Problem details: Some of the lines below need repeating. Reproduce exactly those between the lines holding "MRS. ADELAIDE HOODLESS" and "linked hearts design.", inclusive.

Saved entries:
+++

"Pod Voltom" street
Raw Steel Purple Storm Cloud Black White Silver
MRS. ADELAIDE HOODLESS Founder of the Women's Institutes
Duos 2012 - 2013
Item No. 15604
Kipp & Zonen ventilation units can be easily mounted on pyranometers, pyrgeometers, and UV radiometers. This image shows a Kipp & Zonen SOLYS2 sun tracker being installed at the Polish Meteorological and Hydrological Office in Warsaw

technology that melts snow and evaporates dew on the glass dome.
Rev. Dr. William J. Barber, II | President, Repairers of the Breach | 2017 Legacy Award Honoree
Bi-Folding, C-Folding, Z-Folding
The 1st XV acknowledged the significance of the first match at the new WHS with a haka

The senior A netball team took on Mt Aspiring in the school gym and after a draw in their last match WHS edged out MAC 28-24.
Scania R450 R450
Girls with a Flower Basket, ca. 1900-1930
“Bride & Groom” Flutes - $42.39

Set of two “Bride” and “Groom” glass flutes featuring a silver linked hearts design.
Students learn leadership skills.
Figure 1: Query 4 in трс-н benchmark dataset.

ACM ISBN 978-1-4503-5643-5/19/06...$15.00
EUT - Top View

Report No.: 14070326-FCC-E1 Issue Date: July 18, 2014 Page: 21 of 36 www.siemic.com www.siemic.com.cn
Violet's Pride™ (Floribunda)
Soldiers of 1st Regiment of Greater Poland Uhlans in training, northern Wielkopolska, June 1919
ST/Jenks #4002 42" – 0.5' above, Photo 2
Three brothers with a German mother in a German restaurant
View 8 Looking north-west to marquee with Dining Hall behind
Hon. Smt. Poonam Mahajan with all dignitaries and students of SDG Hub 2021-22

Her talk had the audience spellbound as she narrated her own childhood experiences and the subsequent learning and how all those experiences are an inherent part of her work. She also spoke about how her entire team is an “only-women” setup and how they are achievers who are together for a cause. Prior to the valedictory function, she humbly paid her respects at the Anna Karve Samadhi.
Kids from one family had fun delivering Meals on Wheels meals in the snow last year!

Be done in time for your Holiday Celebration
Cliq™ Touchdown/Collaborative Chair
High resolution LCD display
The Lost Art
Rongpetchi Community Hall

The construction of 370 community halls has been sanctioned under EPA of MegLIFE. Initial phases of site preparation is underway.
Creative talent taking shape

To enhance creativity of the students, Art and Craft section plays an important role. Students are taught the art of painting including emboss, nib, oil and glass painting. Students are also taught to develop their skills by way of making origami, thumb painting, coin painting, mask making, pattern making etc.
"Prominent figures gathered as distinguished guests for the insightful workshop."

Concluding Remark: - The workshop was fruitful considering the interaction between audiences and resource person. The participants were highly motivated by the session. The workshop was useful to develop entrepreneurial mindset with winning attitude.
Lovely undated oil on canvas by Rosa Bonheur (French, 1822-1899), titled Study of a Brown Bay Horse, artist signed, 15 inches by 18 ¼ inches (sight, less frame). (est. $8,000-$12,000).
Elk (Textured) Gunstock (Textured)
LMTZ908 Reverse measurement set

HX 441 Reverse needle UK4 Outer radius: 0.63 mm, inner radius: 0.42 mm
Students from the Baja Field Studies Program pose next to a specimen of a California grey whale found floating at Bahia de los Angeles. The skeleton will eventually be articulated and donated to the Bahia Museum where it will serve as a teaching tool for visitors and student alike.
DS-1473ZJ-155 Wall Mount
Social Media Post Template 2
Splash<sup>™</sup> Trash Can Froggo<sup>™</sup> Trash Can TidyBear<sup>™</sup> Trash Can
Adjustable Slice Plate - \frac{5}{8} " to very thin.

+++

Problem solution:
MRS. ADELAIDE HOODLESS Founder of the Women's Institutes
Duos 2012 - 2013
Item No. 15604
Kipp & Zonen ventilation units can be easily mounted on pyranometers, pyrgeometers, and UV radiometers. This image shows a Kipp & Zonen SOLYS2 sun tracker being installed at the Polish Meteorological and Hydrological Office in Warsaw

technology that melts snow and evaporates dew on the glass dome.
Rev. Dr. William J. Barber, II | President, Repairers of the Breach | 2017 Legacy Award Honoree
Bi-Folding, C-Folding, Z-Folding
The 1st XV acknowledged the significance of the first match at the new WHS with a haka

The senior A netball team took on Mt Aspiring in the school gym and after a draw in their last match WHS edged out MAC 28-24.
Scania R450 R450
Girls with a Flower Basket, ca. 1900-1930
“Bride & Groom” Flutes - $42.39

Set of two “Bride” and “Groom” glass flutes featuring a silver linked hearts design.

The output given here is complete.